How Financial Institutions and Customers Can Battle Scams Together

How Financial Institutions and Customers Can Battle Scams TogetherAs part of Aite-Novarica’s Top 10 Trends in Fraud & AML, 2022: Braving the New Normal in January of this year, I predicted that regulatory pressure would increase due to a rise in scam activity. While I have yet to see much evidence of an increase in actions against financial institutions (FIs) by regulators, you don’t have to look very hard to see that consumers are beginning to show signs of distress.

While this is a troubling development in and of itself, what concerns me most is that as more consumers are targeted by fraudsters, a growing number of people are coming away from an already traumatizing event with an amplified sense of violation. This feeling may become even stronger after they discover that by initiating the fraudulent payment themselves—even if they were deceived into doing so—the treatment of the event is transformed from an unauthorized payment fraud to an authorized payment fraud.

This distinction means that the FI is not required by law to reimburse the consumer if the payment was initiated by the victim. This fact, along with the well-rationalized origin for why the policy boundaries were established, is frequently left out of contemporary narratives about the subject.

Unfamiliarity With Reg E Causes Problems

While the origins and boundaries of the policy are relatively well known among fraud professionals familiar with Reg E, it comes as a devastating realization to the victim—one that leaves them feeling profoundly wronged.

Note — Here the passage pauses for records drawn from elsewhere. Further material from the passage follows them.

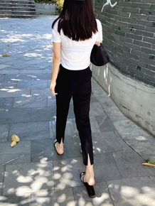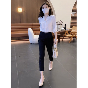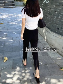 七分小脚开叉萝卜哈伦西装裤女夏新款小个子150cm...
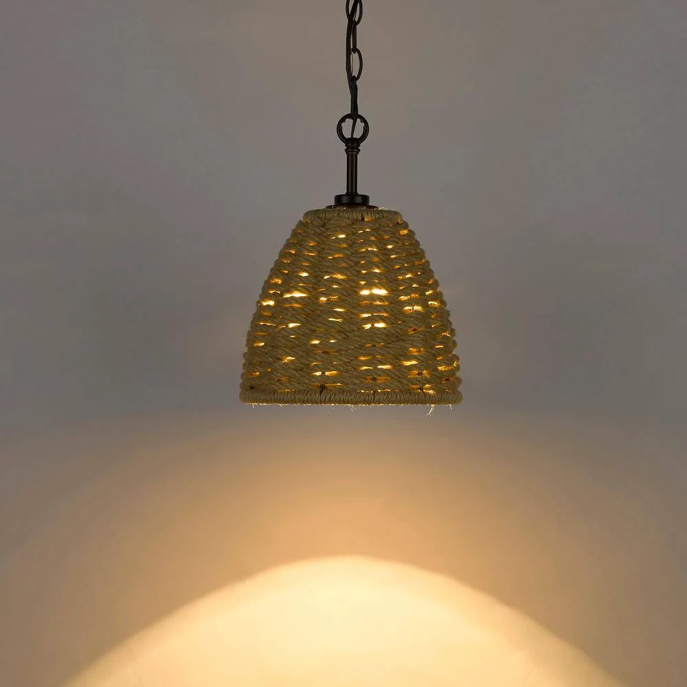 Add casual, country-cottage flair to your with Hathaway. Thick natural fiber rope is interlaced in a woven fashion to create a basket shade. A smooth, Matte Black finish creates visual contrast. Great for task lighting, bright downlight spills from the open-bottom shade.
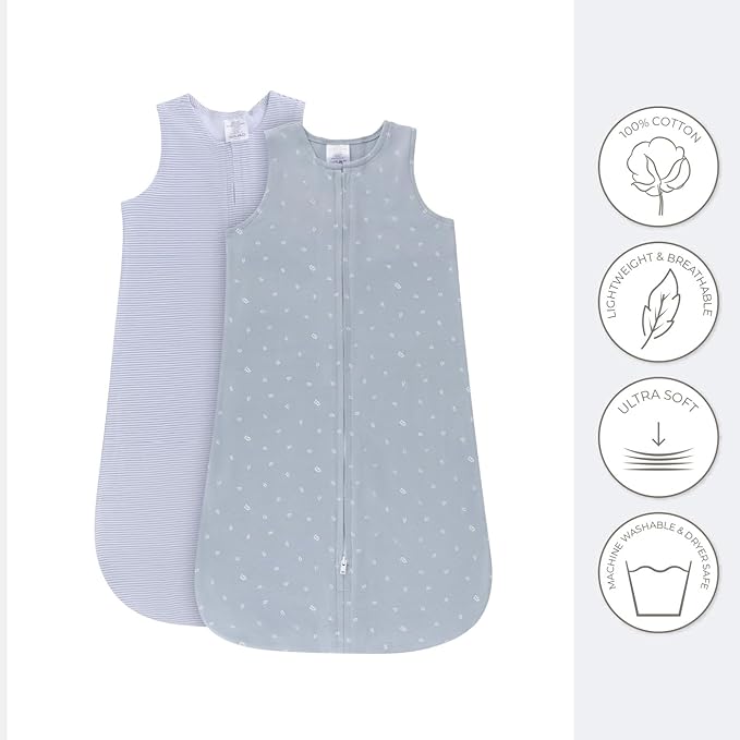 - Adorable & Practical Duo: This charming 2-pack includes a whimsical dusty blue leaf print and a playful stripe pattern sleep bag. Available in boy, girl and gender-neutral unisex designs, it comes in four sizes to suit babies stage from newborn up to 18 months. Perfect for growing little ones it adds a touch of warmth and style to their sleep routine.
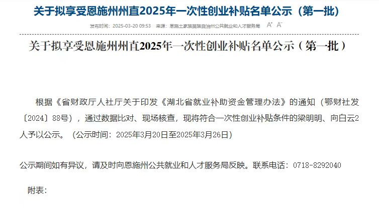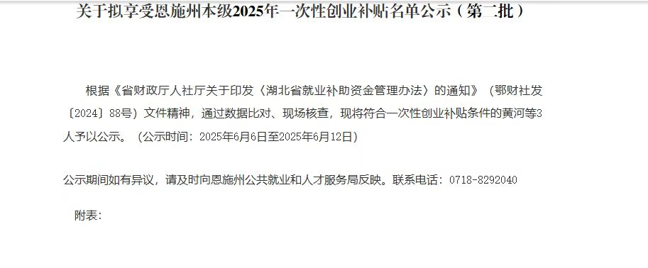恩施州将对符合条件的就业困难人员、高校毕业生以及返乡入乡创业人员发放5000元的一次性创业补贴。
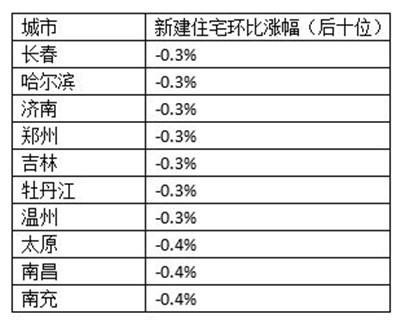 房價下降的城市中,排名70城最后十位的城市有南充、南昌、太原、溫州、牡丹江、吉林、鄭州、濟(jì)南、哈爾濱、長春。其中南充、南昌、太原新房價格環(huán)比均下跌0.4%;其余7個城市新房價格環(huán)比下跌0.3%。

The worst part, of course, is that such a dramatic outcome, which hinges on a poorly understood nuance in policy, makes an irresistible narrative for journalists and legislators. Both of these groups, in their eagerness to be seen as taking bold action to protect consumers, run the risk of mistaking motion for progress.

Examples of this are popping up with increasing frequency and include:

  • Two articles (here and here) in a prominent global newspaper that distort the nature and application of Reg E protections and the CFPB’s guidance on the matter
  • A stirring letter from prominent politicians that was carefully engineered to go long on an appeal to sentiment but short on a realistic understanding of the reg
  • A well-meaning but hastily assembled legislative proposal that, if passed as-is, would lead to unintended consequences and might end up harming the public more than protecting it

To be clear, the Scampocalypse is a serious problem for the financial services industry, and much needs to be done to improve the industry’s resilience. But as I said, motion is not always progress. Actions need to be taken—but it’s vital to thoughtfully analyze the nature of the actions and carefully craft and execute those actions. 

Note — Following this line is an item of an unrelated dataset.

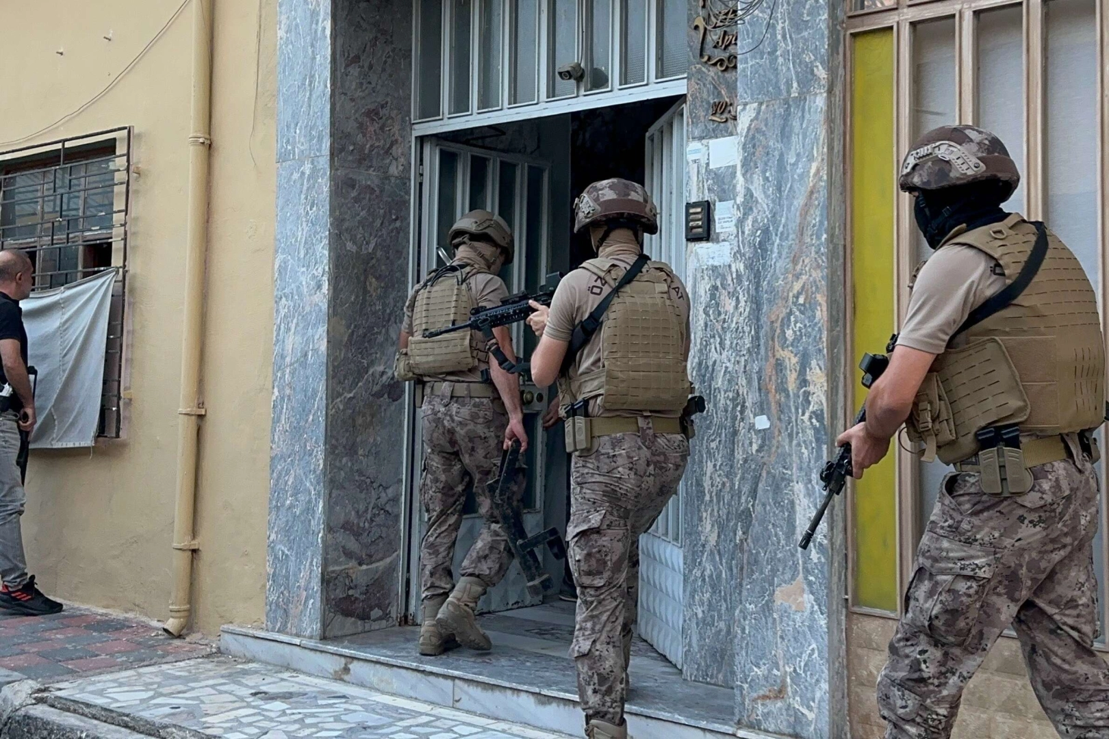 Bugün sabah operasyon için düğmeye basan ekipler, özel harekat ve dron desteğiyle belirlenen adreslere şafak operasyonu düzenledi. Koçbaşlarıyla kapılar kırılarak adreslere girilirken, operasyon bölgelerinde yoğun güvenlik önlemi alındı. Polislerin adreslerdeki aramaları devam ediyor.
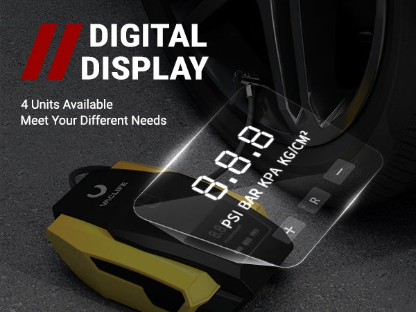 - [High Definition Digital Display Screen] This 12V DC car tire pump is equipped with a high-definition digital LCD display screen, allowing you to have a clearer understanding of tire pressure. There is no need to stop inflating and then use a tire pressure measuring device to measure the pressure separately, checking your car's tire pressure anytime and anywhere. This digital display can measure the tire pressure of KPA, PSI, BAR, KG/CM, and is easy to read in poor light conditions.

Collaboration Is a Powerful Tool

All of the aforementioned narratives ignore or distort the reason the regulation distinguishes between “authorized” transactions and “unauthorized” transactions. Specifically, there is no explanation or defense of why FIs lobbied to ensure that both the FI and the consumer share some degree of agency in assuming responsibility for maintaining the security of the consumer’s funds.

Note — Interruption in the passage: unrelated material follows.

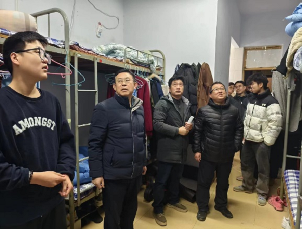 新学期伊始,为及时了解学生的思想动态、心理状况及生活情况,确保新学期学生管理工作有序、平稳开展。2月25日,bat365中文官方网站党总支书记陈国林、副书记刘法堂及全体辅导员、班主任深入学生宿舍展开走访调查,排查宿舍安全隐患,为学生送去关心和问候。

If this omission persists, and public opinion continues to be guided by such an unbalanced escort, I fear it will wander into outcomes that are likely to produce unwelcome consequences. It is (and will remain) absolutely necessary to avoid laying liability for the event exclusively at the feet of any one actor in the ecosystem.

To do so would, in my estimation, only serve the criminal community. So long as FIs and their customers not only share the responsibility of securing themselves against attacks but collaborate on integrating their security countermeasures, it will be possible to keep scam attacks relatively controlled.

In partnership, FIs and their customers can overcome the criminal element. I have little doubt that it will be necessary to adjust consumer protection policies in order to ensure greater consistency in providing victims with reasonable recourse to reimbursement under specific circumstances. Perhaps the most important step will be acknowledging the need to make the terms of consumer protection coverage abundantly clear to everyone.

This will include making it clear to consumers that the risks of being victimized by scammers are real, that those risks are growing, and that consumers themselves need to step up their security game to adequately defend themselves. The FIs that communicate this successfully will find it is an opportunity to demonstrate their commitment to their customers’ financial well-being, and their customers will repay them with brand loyalty.

FIs that fail to meet this challenge may save themselves some trouble in the short run, but they run the risk of endangering the industry’s reputation in the best-case scenario and the birth of poorly thought-out legislation in the worst-case scenario. It’s time to begin having important conversations with consumers about their security, about the crucial role they play in protecting themselves, and about where the boundaries of protections stop so that their expectations can be properly adjusted.